Cuma, Kasım 15, 2024
Makaleler

Duânın Ehemmiyeti ve Kabûlü İçin Bazı Şartlar

Sözlüklerde, “İsteme, yalvarma; bir kimsenin kendisi veya başkası hakkında bir dileğine kavuşması için Allahü teâlâya yalvarması” gibi ma’nâlara gelen “Duâ”, dînimizin temel direklerinden biridir. Bizler duâ etmekle emrolunduk. Allahü teâlâ, duâ eden müslümanları sever. Allahü teâlâ, Kur’ân-ı kerîmde meâlen; “Bana (hâlis kalp ile) duâ ediniz! Böyle duâları kabûl ederim” (Mü’min sûresi, 60) buyuruyor.

İbrâhim bin Edhem’e (kuddise sirruh) şöyle bir suâl sordular:

Allahü teâlâ “Ey kullarım! Benden isteyiniz! Kabul ederim, veririm” buyuruyor. Hâlbuki istiyoruz, vermiyor.

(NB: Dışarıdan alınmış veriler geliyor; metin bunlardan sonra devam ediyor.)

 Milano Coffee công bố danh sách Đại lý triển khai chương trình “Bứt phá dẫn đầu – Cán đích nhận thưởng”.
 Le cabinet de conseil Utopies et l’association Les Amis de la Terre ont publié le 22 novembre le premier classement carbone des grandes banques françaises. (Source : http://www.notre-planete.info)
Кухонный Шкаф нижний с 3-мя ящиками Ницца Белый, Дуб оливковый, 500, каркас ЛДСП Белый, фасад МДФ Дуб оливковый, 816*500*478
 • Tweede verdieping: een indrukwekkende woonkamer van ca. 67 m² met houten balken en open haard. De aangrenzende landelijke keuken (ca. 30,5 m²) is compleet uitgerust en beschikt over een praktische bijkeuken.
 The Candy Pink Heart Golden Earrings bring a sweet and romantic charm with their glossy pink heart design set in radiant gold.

Cevâben buyurdu ki: Allahü teâlâya duâ edersiniz, O’na itâat etmezsiniz. Peygamberini (sallallahü aleyhi ve sellem) tanırsınız, O’na uymazsınız. Kur’ân-ı kerîmi okursunuz, gösterdiği yolda gitmezsiniz. Cenâb-ı Hakk’ın ni’metlerinden faydalanırsınız, O’na şükretmezsiniz. Cennet’in ibâdet edenler için olduğunu bilirsiniz, hâzırlıkta bulunmazsınız. Cehennem’i âsîler (günâh işleyenler) için yarattığını bilirsiniz, ondan sakınmazsınız. Babalarınızın, dedelerinizin ne olduklarını görür, ibret almazsınız. Kendi ayıplarınıza bakmayıp başkalarının ayıplarını araştırırsınız. Böyle kimseler, üzerlerine taş yağmadığına, yere batmadıklarına, gökten ateş yağmadığına şükretsinler. Daha ne isterler? Duâlarının netîcesi, yalnız bu olursa, yetmez mi?”

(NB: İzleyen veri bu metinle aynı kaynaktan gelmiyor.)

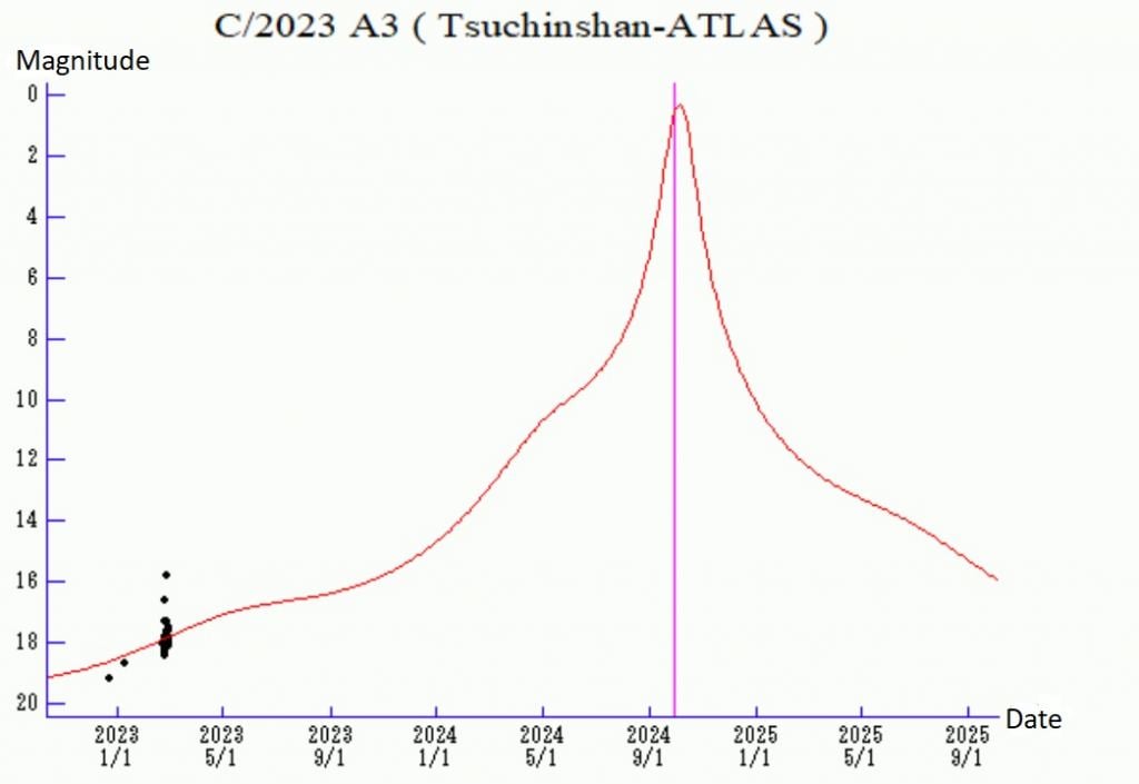 The discovery announcement came out of CBAT (The Central Bureau for Astronomical Telegrams) Number 5228 released on February 28th. The comet was sighted independently by the ATLAS (Asteroid Terrestrial-impact Last Alert System) automated sky survey, and earlier data from the Tsuchinshan (Zijinshan or ‘Purple Mountain ') observatory in China, hence the double moniker. The comet turned up in earlier observations from Purple Mountain Observatory's XuYi Station going back all the way to January 9th, 2023, that's why it ended up with an A3 designation, which is usually reserved for comets discovered in early January.
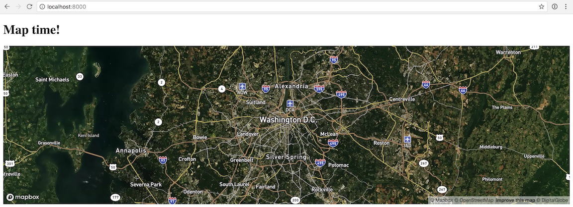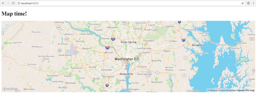 اولین عدد در خاصیت center که برابر با مقدار -۷۷.۰۳ است برای تعیین عرض جغرافیایی و دومین مقدار که برابر با ۳۸.۹۱ است برای طول جغرافیایی استفاده میشود. میزان zoom برابر با ۹ است، بنابراین دید نزدیکتری نسبت به مقدار پیشفرض دارد. تمام مقادیر مربوط به شخصیسازی در مستندات مربوط به Mapbox وجود دارد.
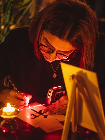 I'm an artist exploring the messy, honest transition from structured calligraphy to raw, emotional expression. I offer custom paintings, live art, and workshops that are born from this journey.
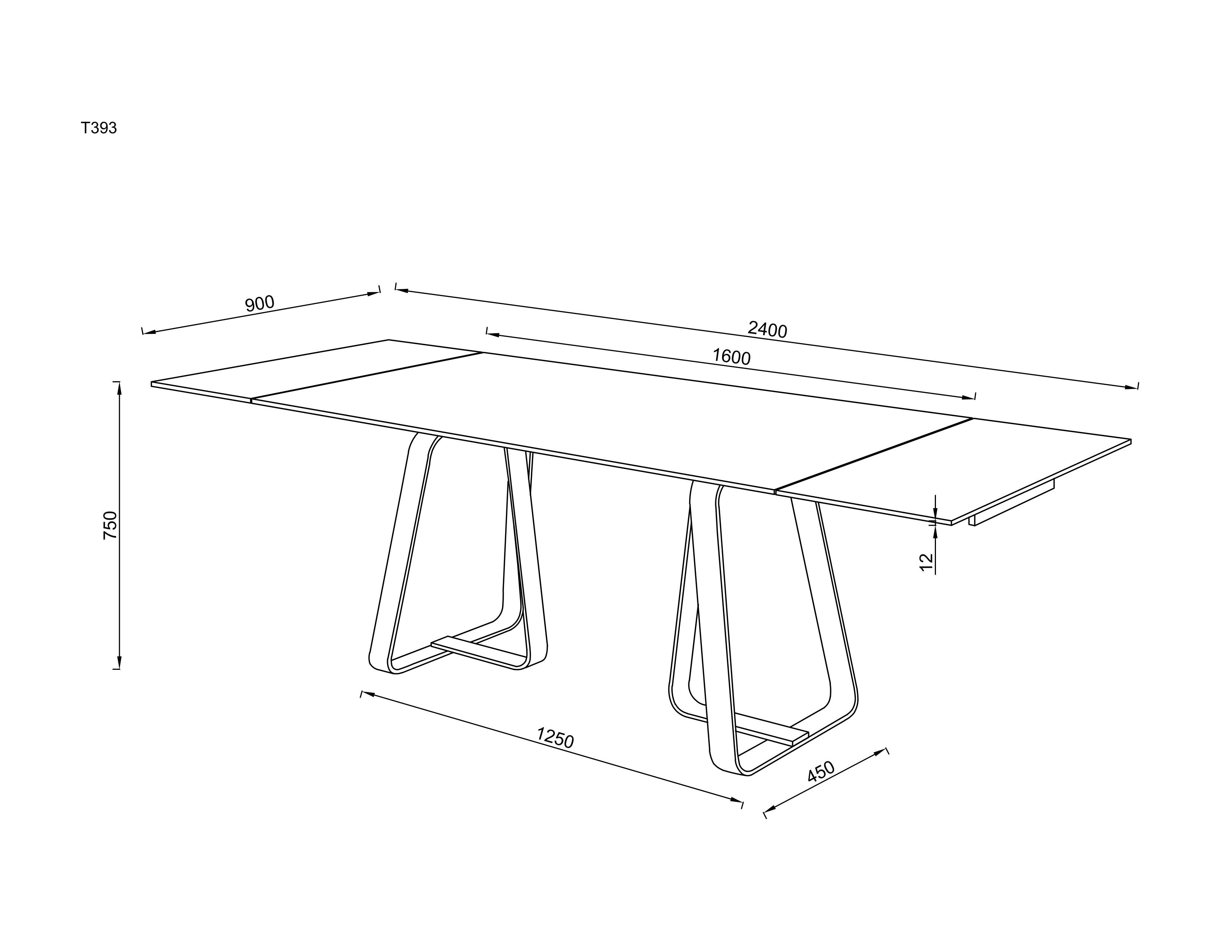 Stół Lerici rozszerza się płynnie z 160 cm do 240 cm:

Hadîs-i şerîflerde ifâde buyurulduğu üzere, “Duâ, mü’minin silâhıdır”, “Duâ, ibâdetin özüdür”, “Duâ, ibâdetin tâ kendisidir”.

Ulemâ ve Evliyânın büyüklerinden İmâm-ı Rabbânî hazretlerinin buyurduğu gibi, kulun Rabbine duâ etmesi, yalvarması, yakarması, sığınması, ağlayıp sızlaması, Rabbine hoş gelir.

DUÂ DERTLERİ-BELÂLARI GİDERİR

Allahü teâlâ, herşeyi bir sebep ile yaratmakta, ni’metleri sebeplerin arkasından göndermektedir. Zararları, dertleri def’ için ve faydalı şeyleri vermek için duâ etmeyi sebep yapmıştır. Peygamberler (aleyhimüs-selâm) hep duâ ettiler. Ümmetlerinden de duâ etmelerini istediler.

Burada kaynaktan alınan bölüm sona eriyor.